PARAM complements two broad categories of commonly used benchmarks:
1. C++ based stand-alone compute and communication benchmarks using cuDNN, MKL, NCCL, MPI libraries - e.g., NCCL tests (https://github.com/NVIDIA/nccl-tests), OSU MPI benchmarks (https://mvapich.cse.ohio-state.edu/benchmarks/), and DeepBench (https://github.com/baidu-research/DeepBench).
2. Application benchmarks such as Deep Learning Recommendation Model (DLRM) and the broader MLPerf benchmarks. Its worth noting that while MLPerf is the de-facto industry standard for benchmarking ML applications we hope to compliment this effort with broader workloads that are of more interest to Facebook with more in-depth analysis of each within this branch of Application benchmarks.Our initial release of PARAM benchmarks focuses on AI training and comprises of:
1. Communication: PyTorch based collective benchmarks across arbitrary message sizes, effectiveness of compute-communication overlap, and DLRM communication patterns in fwd/bwd pass
2. Compute: PyTorch based GEMM, embedding lookup, and linear layer
3. DLRM: tracks the `ext_dist` branch of DRLM benchmark use Facebook's DLRM benchmark (https://github.com/facebookresearch/dlrm). In short, PARAM fully relies on DLRM benchmark for end-to-end workload evaluation; with additional extensions as required for scale-out AI training platforms.
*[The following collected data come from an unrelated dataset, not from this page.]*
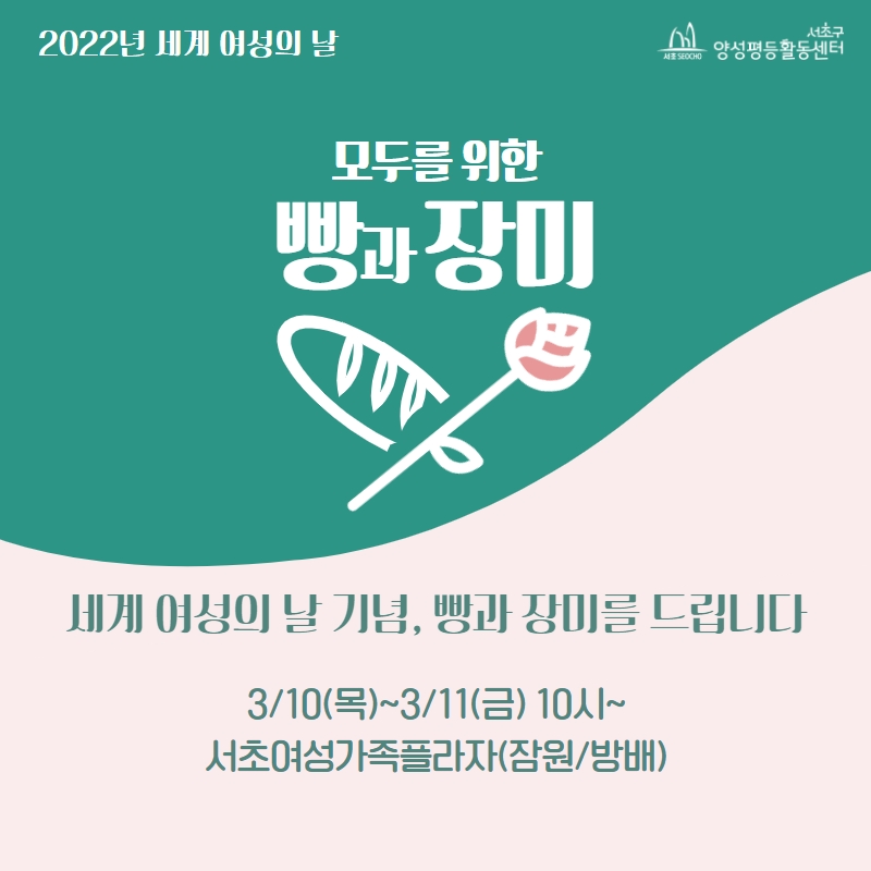 서초구양성평등활동센터에서는 세계 여성의 날을 기념하여 함께 빵과 장미를 나누며 평등과 인권의 의미를 되새기고자 캠페인을 진행합니다.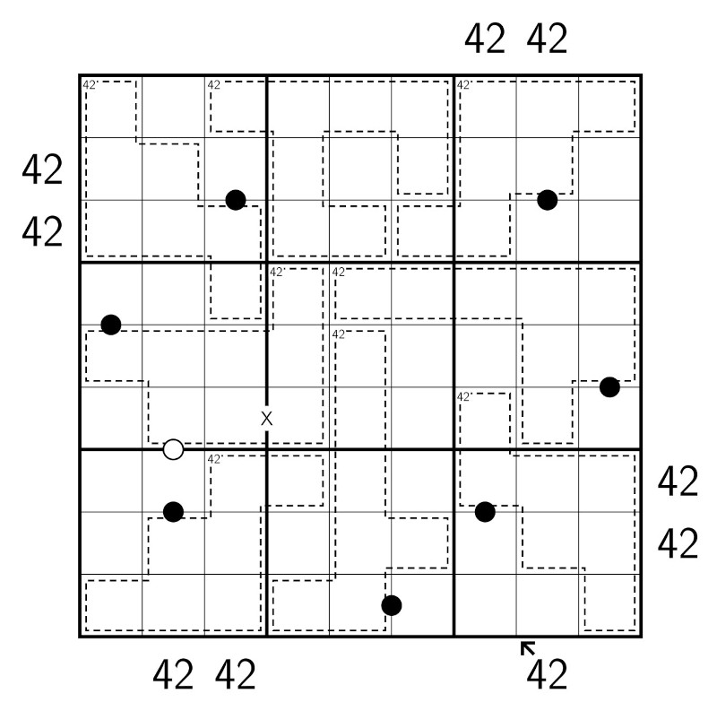 Zellen mit einem schwarzen Punkt zwischen ihnen enthalten Einträge, von denen einer genau doppelt so groß wie der andere ist. Zellen mit einem weiß ausgefüllten Punkt zwischen ihnen enthalten aufeinanderfolgende Ziffern. Zellen mit einem X zwischen ihnen haben Summe 10. Nicht alle diese Symbole sind notwendigerweise angegeben.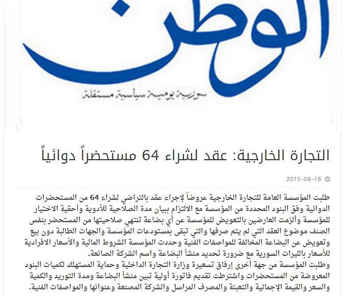 أعلنت المؤسسة العامة للتجارة الخارجية التابعة "لحكومة النظام" عن طلب عروض لشراء 64 من المستحضرات الدوائية. وتأتي هذه الخطوة في الوقت التي تعاني فيه سوريا نقصاً حاداً في الأدوية والمنتجات الصيدلانية، وتشير بعض التقديرات إلى أن أكثر من 75% من المصانع الدوائية أجبرت على الإغلاق، والمصانع الأخرى تعمل بأقل من ربع طاقتها الإنتاجية، وتشير التوقعات إلى وجود نقص بنسبة 70% من حاجة السوق.

4. PyTorch Execution Trace (ET) replay based tests: The PyTorch ET capturing capabilities, which have recently been introduced, allow for the recording of runtime information of a model at the operator level. This capability enables the creation of replay-based benchmarks (https://dl.acm.org/doi/abs/10.1145/3579371.3589072) to accurately reproduce the original performance.In essence, PARAM bridges the gap between stand-alone C++ benchmarks and PyTorch/Tensorflow based application benchmarks. This enables us to gain deep insights into the inner workings of the system architecture as well as identify framework-level overheads by stressing all subcomponents of a system.
## Version
0.1 : Initial release
## Requirements
- pytorch
- future
- numpy
- apex## License
PARAM benchmarks is released under the MIT license. Please see the [`LICENSE`](LICENSE) file for more information.
## Contributing
We actively welcome your pull requests! Please see [`CONTRIBUTING.md`](CONTRIBUTING.md) and [`CODE_OF_CONDUCT.md`](CODE_OF_CONDUCT.md) for more info.